Who Was Mother Goose?

Do you have any preferred nursery rhymes? We do! We adore “Hey Diddle Diddle” and “Hot Cross Buns.” Have you ever come across “Humpty Dumpty”? How about “Ring Around the Rosie”? If so, you probably already have some knowledge about the subject of today’s Wonder of the Day. It’s Mother Goose!

Many children think Mother Goose is quite fantastic. And why wouldn’t they? She’s a significant part of many well-known children’s poems. This leads some individuals to QUESTION—is Mother Goose a fictional character? Or is she based on a real person?

If you ever visit Boston, Massachusetts, you may hear that Mother Goose was indeed an actual person. Some believe she resided there in the 1660s. They claim she was either named Elizabeth Goose or Mary Goose.

According to legend, this woman took care of 16 children. She enjoyed singing songs and creating rhyming stories for them. This was definitely a common practice at that time. Many women sang rhyming songs to their children in order to help them fall asleep. That’s why they’re called nursery rhymes!

However, there is no evidence that Mother Goose was a real person. Nevertheless, many fairy tales and nursery rhymes are attributed to her. A few examples include “Jack and Jill,” “Little Miss Muffet,” and “Hickory Dickory Dock.” She also appears as the main character in one rhyme:

“Old Mother Goose, When she wanted to wander, Would ride through the air On a very fine gander. Jack’s mother came in, And caught the goose soon, And mounting its back, Flew up to the moon.”

The first printed publication of Mother Goose stories came in 1695. It was a collection of fairy tales by Charles Perrault titled Tales of my Mother Goose. The collection included classics such as “Sleeping Beauty,” “Little Red Riding Hood” and “Cinderella.”

Mother Goose became closely associated with nursery rhymes. This association grew with the publication of John Newberry’s Sonnets for the Cradle around 1765. In 1781, Mother Goose’s Melody was published in England.

Today, Mother Goose even has her own holiday. Since 1987, many schools and libraries have celebrated Mother Goose Day on May 1. It’s a time to remember and enjoy the fairy tales and nursery rhymes of youth. How would you observe Mother Goose Day? Would you dress as your favorite nursery rhyme character? Recite a childhood poem for friends and family members? There are countless ways to celebrate!

Try It Out

Ready to continue learning? Find an adult who can assist you in trying out one or more of the activities below:

Get Active and Have Fun with Nursery Rhyme Games

Are you ready for some interactive fun? Leave the flying and quacking to the geese, and let’s play some exciting games! These classic games, combined with singing nursery rhymes, are guaranteed to be a hit on the playground. Give London Bridge, The Farmer in the Dell, or The Mulberry Bush a try.

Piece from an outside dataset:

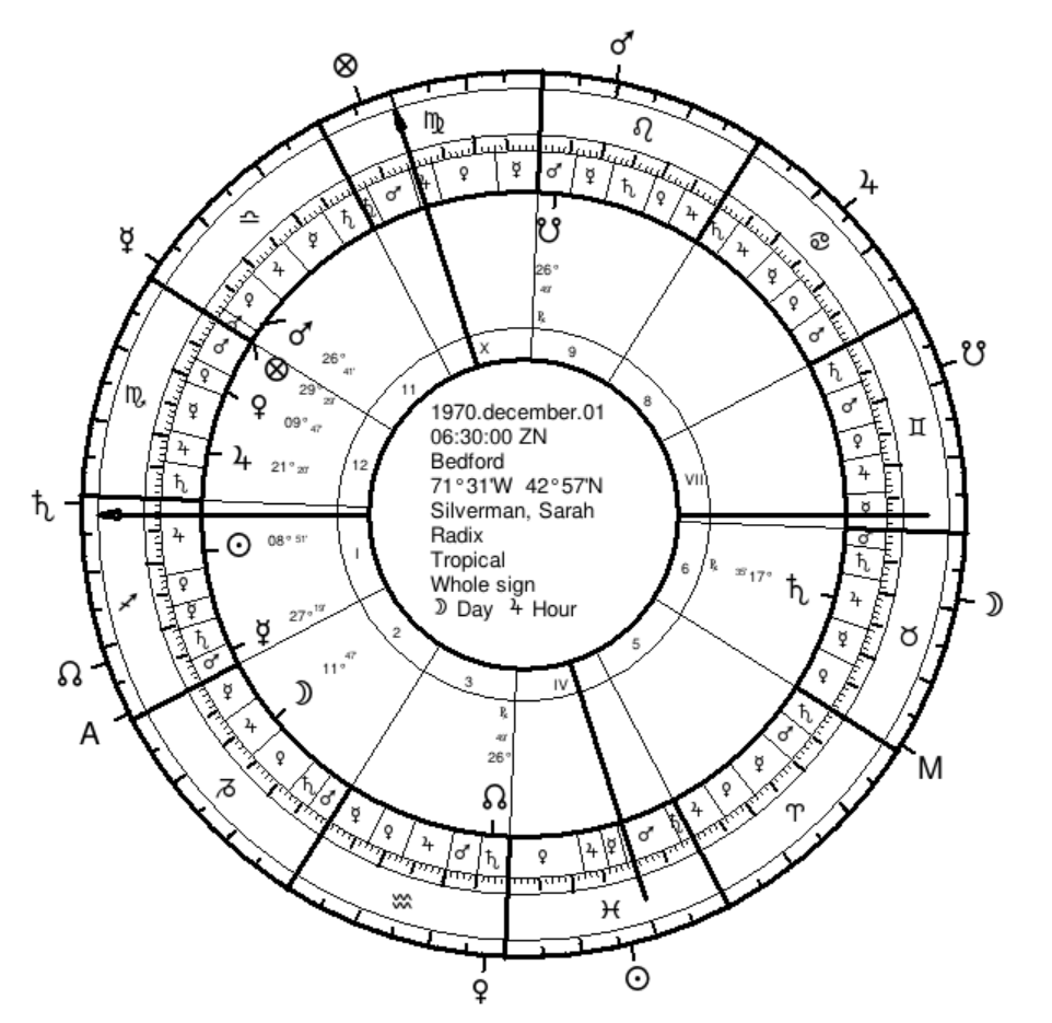 Sarah Silverman (birth time A-rated) was born with the Sun rising in the Jupiter bound of Sagittarius (house of Jupiter). Mercury is also in the 1st house and rules the 10th house. Therefore, Mercury is the main professional significator, though Mars (in XI; Jupiter’s Joy) is also relevant. Mercury is not only in the 1st house, but the twelfth-part of the Ascendant is closely conjunct Mercury. Therefore, there are strong Mercurial and Jupiterian themes pertaining to the 1st house and the Sun.

Do you know any other entertaining rhymes or fairy tales? Share one of your favorite classics with a friend or family member. In return, ask them to share their beloved stories or rhymes with you.

Feeling inspired? Why not try creating your very own nursery rhyme? Start by coming up with a main character, and then craft a rhyming story around them. For an extra touch, try singing your nursery rhyme to a catchy tune. Let your creativity flow and enjoy the process of writing your own rhyme!